It is important to keep in mind that the response distances reported here were measured at the moment the driver pressed the touch pad and not necessarily when pedestrian recognition first occurred. The reaction time data recorded in the first lap, combined with the knowledge of the speed that the driver was traveling when he or she responded in each lap, can be used to estimate the distance at which recognition first occurred. These calculations, which are not presented here, did not result in changes to the overall patterns revealed by the ANOVA. Averaged across the participants in each age group, the mean distance traveled during the mean reaction time was 31.2 m (102.4 feet) for the younger drivers and 29.0 m (95.1 feet) for the older drivers. Adding these values to the response distances presented in Table 3 provides a rough estimate of the recognition distances.

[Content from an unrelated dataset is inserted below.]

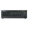 The VM-2240 is a multifunctional amplifier that can be mounted in an EIA-Standard equipment rack (3-unit size). The unit comes with 4 audio inputs including the background music input, and the speaker output section which has an internal attenuator and 5-zone selector. It permits not only general-purpose broadcast, but also Emergency Broadcast based on the EN60849 Standard which gives pre-recorded voice instructions (optional EV-200M is required) in the emergency situation. Broadcast can be made from an optional RM-200M Remote Microphone as well as from the amplifier, and can be remotely controlled from external equipment. In addition, for 100 V application the unit features the surveillance function (optional SV-200MA is required) which automatically checks the system for failures.\n\nMicroprocessor-controlled PA management amplifier, as a table top unit or with optional brackets in standard 19-inch cabinet racks can be mounted.\n\nThree balanced inputs for microphone or recording with control inputs, height / low tone control and switchable phantom power via XLR combo jacks, transformers easily retrofitted. Input for telephone announcements. The output circuits 1-5 can be associated separately each of the above-mentioned inputs. Up to 4 auditable digital stations can be connected via an RJ-45 connection. Two audio inputs for background music with two cinch Sockets and level before controllers, as well as height / low tone control. \n\nThere are 5 levels of priority.\n\n100 V power amplifier with 240 Watt of power, idle-secure and short-circuit protected, easily convertible to 70 V or 50 v 5 output circuits, individually zuschalt-and adjustable in steps 0, - 3, 6,-10,-15 and -20 dB at any power sharing as well as a collective call key. Switching display using LEDs. In the transmission of signals with high-priority automatic bypass the volume control and display of duty call operation. Compulsory control contact for external volume control.\n\n100V input to the 5 circles, output switchable by external duty call signal from parent PA headquarters, or switched-off device.\n\nAccording an exit before and after the total volume control to the use of additional amplifiers. Recording output for the master signal.\n\nSimple combination of up to 9 ELA management amplifiers to extend 45 circuits and power increase possible.\n\nAdditional control inputs for: throwing the text rendering of the digital text storage, remote activation, start and stop of alarm texts, activation of the 100V-Eingangs.\n\nFault status outputs for: power and emergency power supply, receivers and amplifier combination connection, errors in the text memory.\n\nLabels for the front taxable inputs and outputs.\n\nIn emergency mode play of two texts for warning and evacuation.\n\nDigital text storage and monitoring module can be retrofitted.

The present experiment sought to quantify the ability of drivers to recognize the presence of roadside pedestrians at night. Young and older drivers drove a test vehicle around a closed road circuit and pressed a large dash-mounted touch pad when they first recognized that a pedestrian (positioned on the far shoulder of a two- or three-lane roadway) was present. A novel parallax-based system was used to measure response distances. The data strongly demonstrate that driver age, pedestrian clothing, and headlamp beam setting all significantly affect both the probability that a driver will recognize the presence of a roadside pedestrian and the distance at which drivers respond to pedestrians under realistic nighttime driving conditions.
The ability of older drivers to respond to the presence of pedestrians was consistently worse than that of the younger drivers. Whereas the young drivers recognized 84% of the pedestrians overall (94% in the absence of glare and 75% in the presence of glare), older drivers recognized only 53% of the pedestrians (59% with no glare and 48% with glare). The older drivers also identified the pedestrians at significantly shorter distances than did the younger drivers. Overall, the mean recognition distance for the older drivers was only 58% of that of the younger drivers. Depending on the clothing and beam conditions, older drivers' mean response distances ranged from 0% to 76% of those corresponding means of the younger drivers. These results are in general agreement with those of Chrysler et al. (1996), who reported that pedestrian detection distances (for a child-sized mannequin) were up to 75% shorter for older drivers than for younger drivers for some visibility conditions. Interestingly, Luoma et al. (1996) found smaller age-related decreases in pedestrian recognition distances, which may relate to the fact that their participants acted as passengers (seated in either the passenger seat or the back of the vehicle), not drivers. The participants in our study drove under realistic conditions while performing a sign detection task.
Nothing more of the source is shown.